Three projects (3Ccar, AutoDrive, LIBERTY) focus on electronic components for electrified and autonomous vehicles, from affordable EV complexity control to fail-safe architectures.
Infineon Technologies Romania and CO. Societate in Comandita Simpla
Romanian subsidiary of Infineon AG contributing semiconductor and electronic component expertise to automotive electrification, battery management, and industrial digitization projects.
Their core work
Infineon Technologies Romania is the Romanian subsidiary of Infineon Technologies AG, one of Europe's largest semiconductor manufacturers. Within H2020, they contribute electronic components expertise to automotive and industrial digitization projects — specifically in areas like fail-safe automotive electronics, battery management systems, and Industry 4.0 development processes.
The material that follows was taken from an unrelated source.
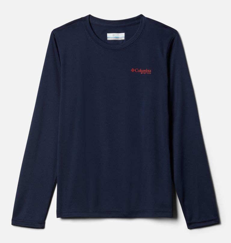 Columbia Boys PFG Terminal Tackle Fish Flag Long Sleeve Shirt Collegiate Navy Red Spark XXS Very well made.

Their work focuses on making electronic components and systems safer, more reliable, and production-ready for European manufacturing, particularly in the automotive electrification and connected vehicle domains.
What they specialise in
LIBERTY project targets lightweight battery systems with adaptive state estimation, BMS development, and improved safety/performance/lifetime of Li-ion batteries.
iDev40 project addresses digitization of development processes, industrial internet, cyber-physical systems, and boosting the European Electronic Components and Systems industry.
AutoDrive project specifically targets fail-aware, fail-safe, and fail-operational electronic components and system architectures for automated driving.
How they've shifted over time
Their early H2020 work (2015–2018) centered on automotive electronics for affordable electrified cars and fail-safe autonomous driving systems — essentially making vehicles smarter and safer through semiconductor solutions. From 2018 onward, their focus broadened in two directions: industrial digitization and Industry 4.0 processes (iDev40), and deeper into battery systems with emphasis on safety and sustainability (LIBERTY). The shift suggests a move from component-level automotive work toward system-level integration in both mobility and manufacturing.
Infineon Romania is moving from pure automotive semiconductor contributions toward battery management and industrial IoT — areas where their parent company is expanding its product portfolio globally.
How they like to work
Infineon Romania participates exclusively as a consortium partner, never as coordinator — consistent with a subsidiary role where the parent company or academic leads drive project design. They work in large consortia (125 unique partners across just 4 projects), which means they typically join major ECSEL-JU or large-scale Innovation Actions with 20-40+ partners. This makes them a reliable industrial contributor rather than a project initiator.
With 125 unique consortium partners across 16 countries from only 4 projects, they operate in very large European consortia — likely through ECSEL-JU and similar large-scale electronics partnerships. Their network spans broadly across Europe's semiconductor and automotive R&D ecosystem.
What sets them apart
As the Romanian arm of a global semiconductor giant, they bring industrial-grade chip and sensor expertise into EU research consortia with direct access to Infineon's manufacturing and product pipelines. This means project results have a realistic path to commercialization through Infineon's product lines — a strong argument for any consortium needing an industrial end-user or component supplier. For Romanian and Eastern European consortia, they offer a rare link to a Tier-1 European semiconductor manufacturer.
Highlights from their portfolio
- LIBERTYTheir largest funded project (EUR 412,125), targeting lightweight battery systems with a focus on BMS and Li-ion safety — a strategic growth area for Infineon's power semiconductor business.
- AutoDriveMajor ECSEL-JU project on fail-safe electronics for automated driving, involving a very large consortium — represents Infineon's core automotive semiconductor competence.
- iDev40Bridges Infineon's semiconductor expertise into Industry 4.0 and digitization of manufacturing processes, showing versatility beyond automotive.